Records supplied:
>>>

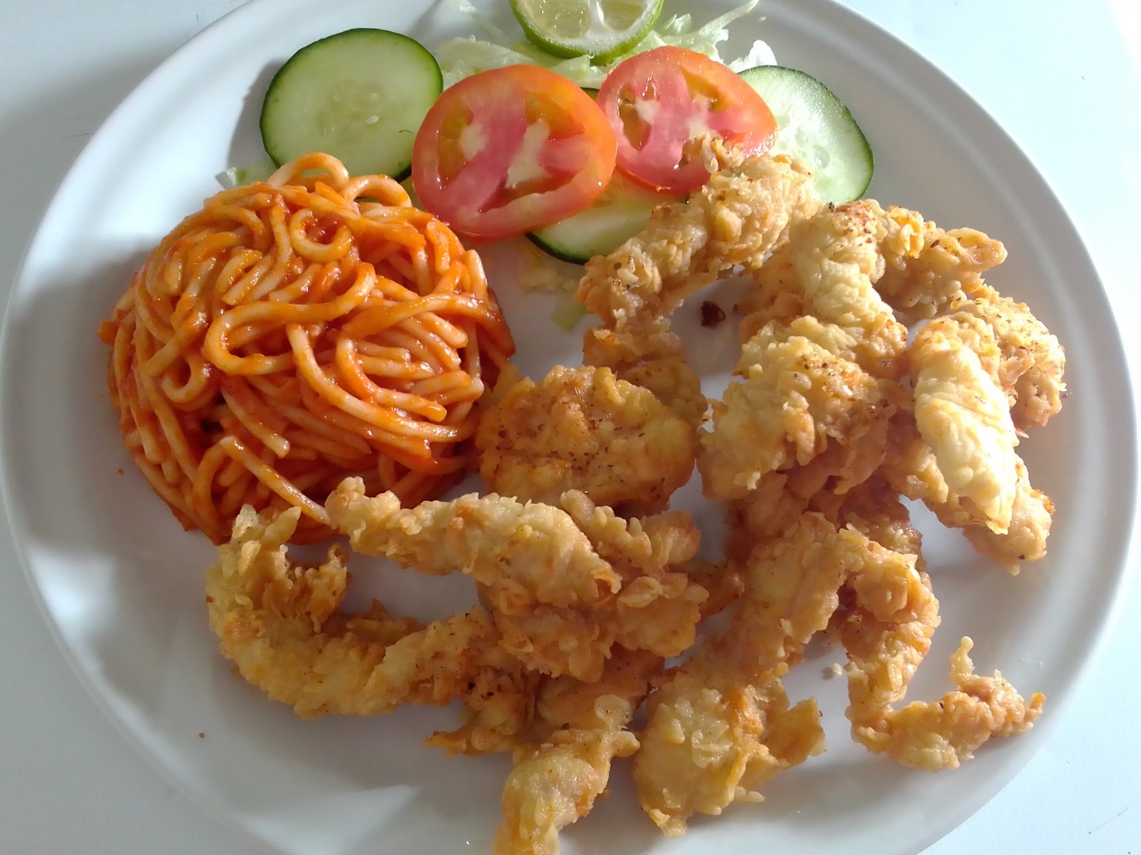 Tiras de pollo fritas y crujientes con un toque de chile Tajín, acompañadas con una porción de espagueti rojo y frijoles refritos
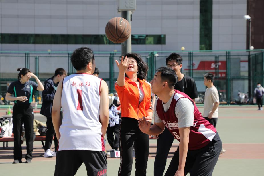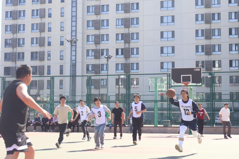 随着李艳丽老师为比赛开出首球,教师联队与来自本硕博各年级的学生队在球场上展开了激烈角逐。比赛哨声一响,刘森老师便展现了他的拿手绝活——欧洲步!他灵活地晃过防守,帅气地将球送进篮筐,为教师队先拔头筹。学生队不甘示弱,1号赵沐阳迅速站了出来,手起刀落,一记精准的三分球划破长空,将比分瞬间扳平,点燃了全场气氛!比赛进入白热化,刘勇老师开启个人表演模式。他先是一个干净利落的急停跳投命中,随后在重重包围中硬生生挤出一条路,强行得分。紧接着,他手感火热,连续命中两个中投,个人连得6分,掀起一波小高潮,教师队士气大振!学生队迅速反击,崔宇杰在篮下大放异彩,他用灵活的脚步戏耍防守,轻松上篮得分,为学生队追分。紧接着,学生队打出一波行云流水的传导进攻,球在队员间流畅传递,可惜最后一击稍显急躁,终结失误,错失扳平良机。
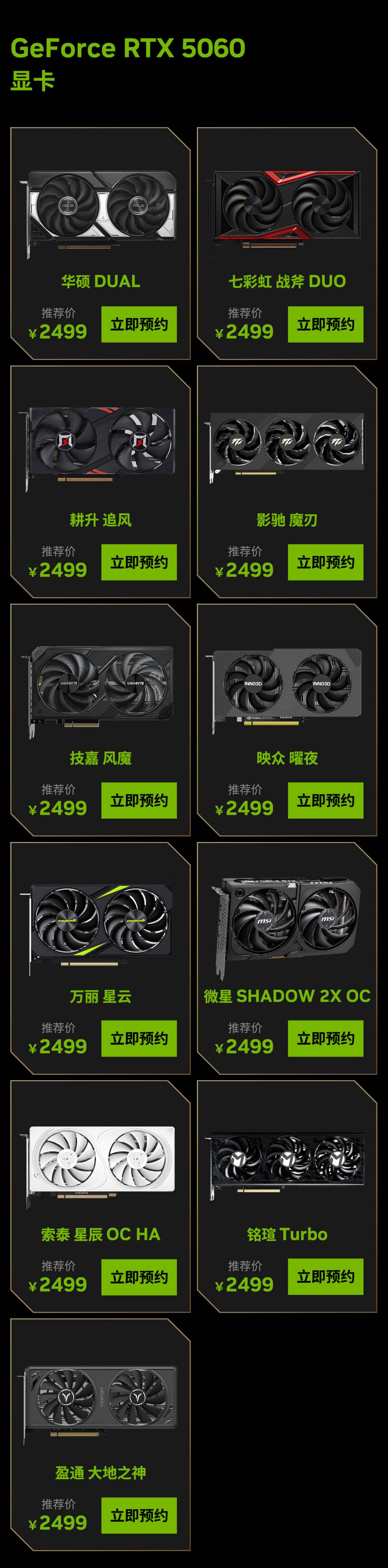 IT之家注意到,所有英伟达 AIC 合作伙伴均提供了一款标价为 RTX 5060 起售价 2499 元的产品,包括华硕 DUAL、七彩虹战斧 DUO、技嘉风魔、微星 SHADOW 2X OC 等,其中大部分都是双风扇款式,也有影驰魔刃、铭瑄 Turbo 这两个三风扇型号。
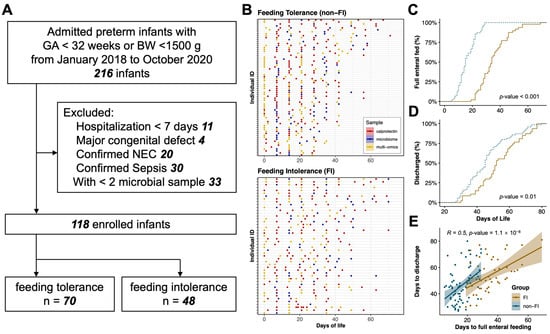 Study design, sample characteristics, and clinical differences in infants with and without feeding intolerance. (A) Flow chart of study design. (B) Fecal samples were collected at a weekly routine of all enrolled infants during hospitalization. X axis and Y axis represent different days of postnatal age and different infants, respectively. Fecal samples were all analyzed for calprotectin level (red color). Fecal samples in blue and yellow color were further analyzed for microbiome (blue color) or multi-omics (microbiome and metabolome, yellow color), respectively. (C,D) Differences in time to reach full enteral feeding (C) and days of hospitalizations (D) between infants with and without feeding intolerance, respectively. Yellow and blue color for infants with and without FI, respectively. (E) Correlations between days to full enteral feeding and days to discharge using Pearson’s method. Yellow and blue color for infants with and without FI, respectively.
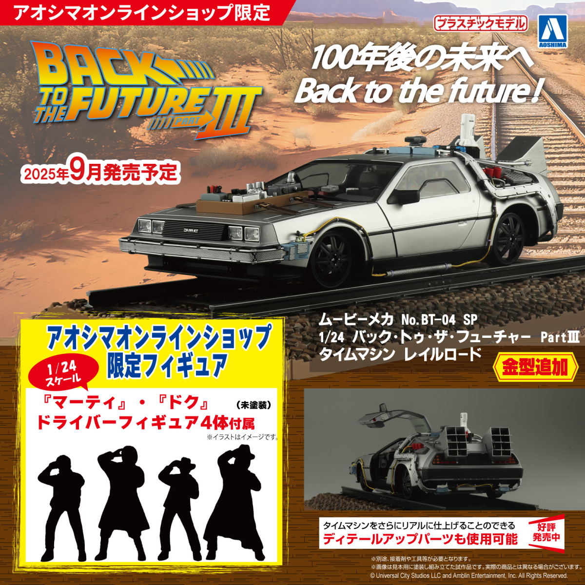 青島文化教材社旗下的電影製作者(ムービーメカ)系列推出經典電影《回到未來III》主題的新商品——「迪羅倫時光機 鐵道版」1/24比例組裝模型,參考售價為7,260日圓,預計於2025年09月發售!
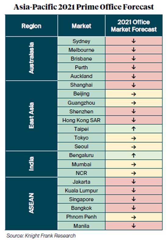 India’s office market will remain resilient in the new year, reveals a Knight Frank report, although the Asia-Pacific prime office rents are expected to decline between -3% and 0% in 2021.
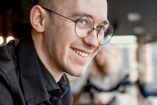 Young stylish man enjoys a cake and a drink while sitting in a cafe with large windows
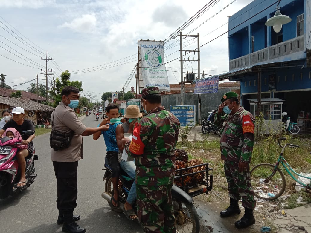 Selain bagi – bagi masker, sekalian memberi himbauan kepada warga agar mematuhi peraturan pemerintah.
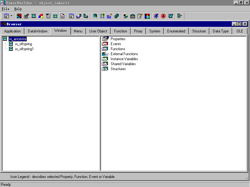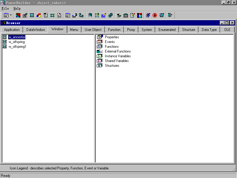在左边这一栏当中,显示了当前应用程序的所有窗口的名字。在左边这一栏中单击鼠标的右键,弹出菜单,在菜单当中选择 SHOW HIERARCHY 命令,显示窗口之间的派生层次关系。在W_ANCESTER 一项上面双击鼠标左键,我们就看到了刚才派生的后代窗口和祖先窗口之间的继承关系。如图10-5。
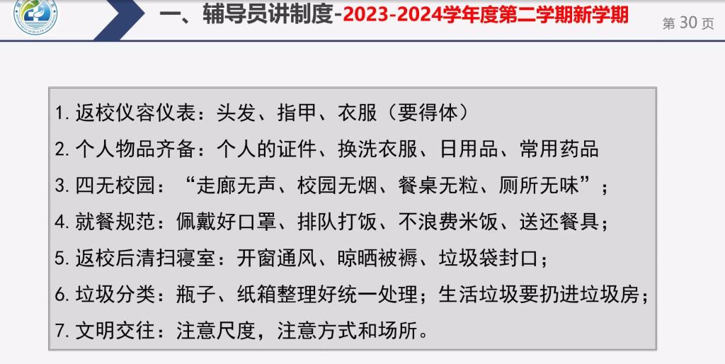 云家长会暨云班会中,生涯导师代表刘瑞老师围绕生涯导师是做什么的、社会实践学期需要完成的内容与全体学生及家长进行了互动和交流。会议最后,赵勇老师向全体学生讲解新学期开学时间、德育学分管理办法、四无校园等日常管理要求,并强调新学期学习、提前就业的重要性,建议全体同学树立正确的学习观、成才观、职业观、就业观,拒绝“等、靠、要”的思想观念;适时调整择业预期,抢抓机遇,优先高质量就业。一是分析自身优势,制定好新学期的目标;二是提前踏实复习挂科的课程,把握住补考的机会;三是在实习中多积累、多反思,不断提高自身技能与阅历;四是科学自我评估与职业定位,做好职业选择与规划,把握就业机遇,实现自身价值。
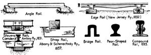 كانت أقدم السكك المستخدمة بشكل عام هي ما يسمى سكك الحديد ذات الحواف السمكية من حيث شكلها. كانت السكك الحديدية المصنوعة من الحديد الزهر هشة وتكسر بسهولة. لم يكن بإمكانها سوى أن تُصنع بأطوال قصيرة سرعان ما تصبح غير متساوية. حصل جون بيركنشو على براءة اختراع في عام 1820,[5] مع تحسين تقنيات الدرفلة، تم إدخال الحديد المطاوع بأطوال أطول، ليحل محل الحديد الزهر ويساهم بشكل كبير في النمو الهائل للسكك الحديدية في الفترة من 1825 إلى 1840. كان المقطع العرضي يختلف على نطاق واسع من خط إلى آخر، ولكنها كانت من ثلاثة أنواع أساسية كما هو موضح في الرسم البياني. كان المقطع العرضي المتوازي الذي تطور في السنوات اللاحقة يُشار إليه بـ رأس الثور.
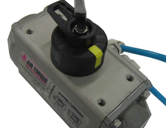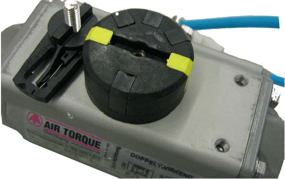 小心地把有安装支架的定位器放到执行器上,使藕合轮的轴嵌入驱动器内
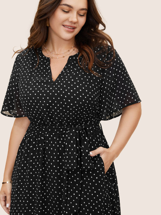 Chiffon Polka Dot Ruffle Sleeve Dress
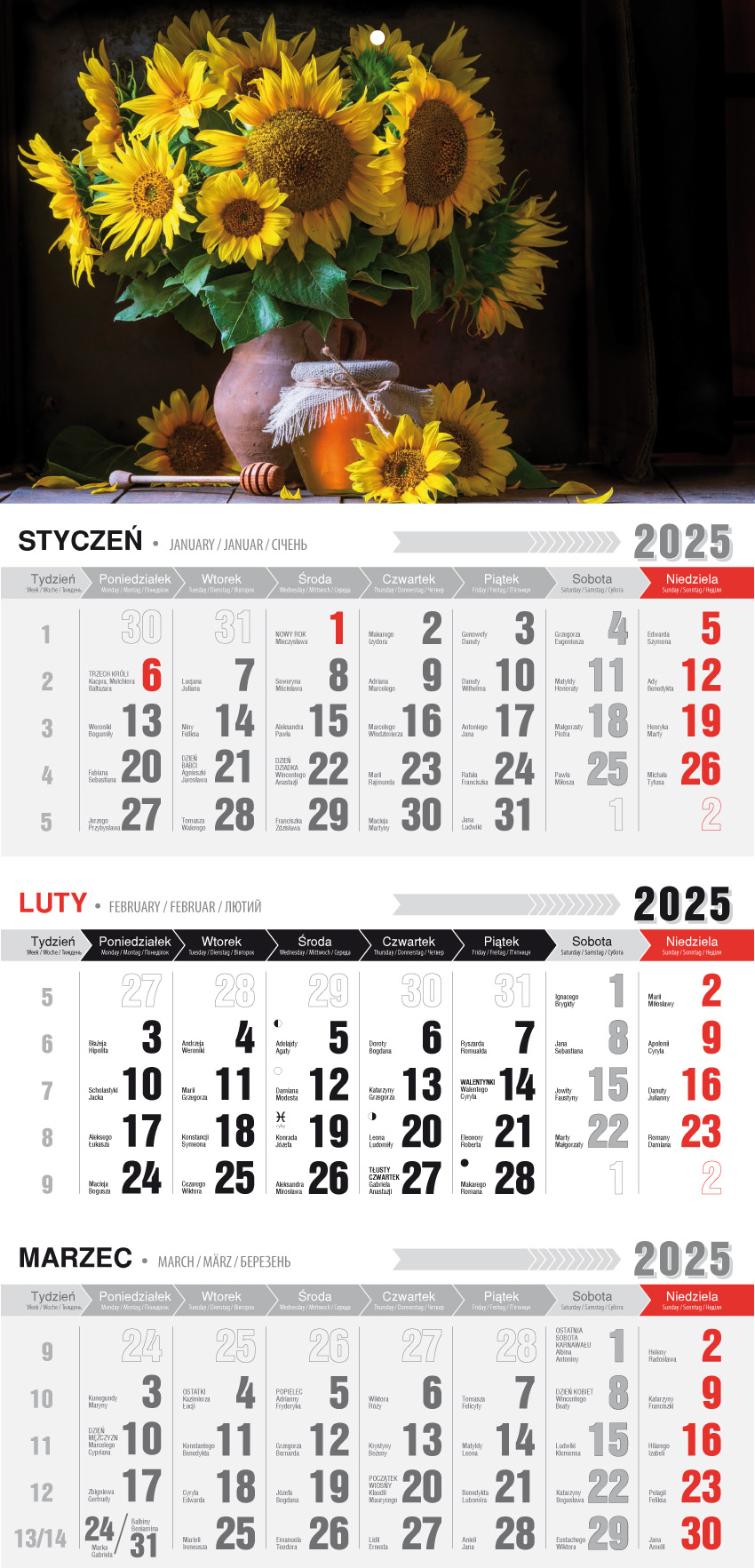 Kalendarz 2025 Trójdzielny ekonomiczny Słoneczniki

<<<

Task prompt: How would the lines above read from the one with "随着李艳丽老师为比赛开出首球" to the one with "IT之家注意到,所有英伟达 AIC 合作伙伴均提供了一款标价为", inclusive, with no pictures? Write them out exactly.

Reply:
 随着李艳丽老师为比赛开出首球,教师联队与来自本硕博各年级的学生队在球场上展开了激烈角逐。比赛哨声一响,刘森老师便展现了他的拿手绝活——欧洲步!他灵活地晃过防守,帅气地将球送进篮筐,为教师队先拔头筹。学生队不甘示弱,1号赵沐阳迅速站了出来,手起刀落,一记精准的三分球划破长空,将比分瞬间扳平,点燃了全场气氛!比赛进入白热化,刘勇老师开启个人表演模式。他先是一个干净利落的急停跳投命中,随后在重重包围中硬生生挤出一条路,强行得分。紧接着,他手感火热,连续命中两个中投,个人连得6分,掀起一波小高潮,教师队士气大振!学生队迅速反击,崔宇杰在篮下大放异彩,他用灵活的脚步戏耍防守,轻松上篮得分,为学生队追分。紧接着,学生队打出一波行云流水的传导进攻,球在队员间流畅传递,可惜最后一击稍显急躁,终结失误,错失扳平良机。
 IT之家注意到,所有英伟达 AIC 合作伙伴均提供了一款标价为 RTX 5060 起售价 2499 元的产品,包括华硕 DUAL、七彩虹战斧 DUO、技嘉风魔、微星 SHADOW 2X OC 等,其中大部分都是双风扇款式,也有影驰魔刃、铭瑄 Turbo 这两个三风扇型号。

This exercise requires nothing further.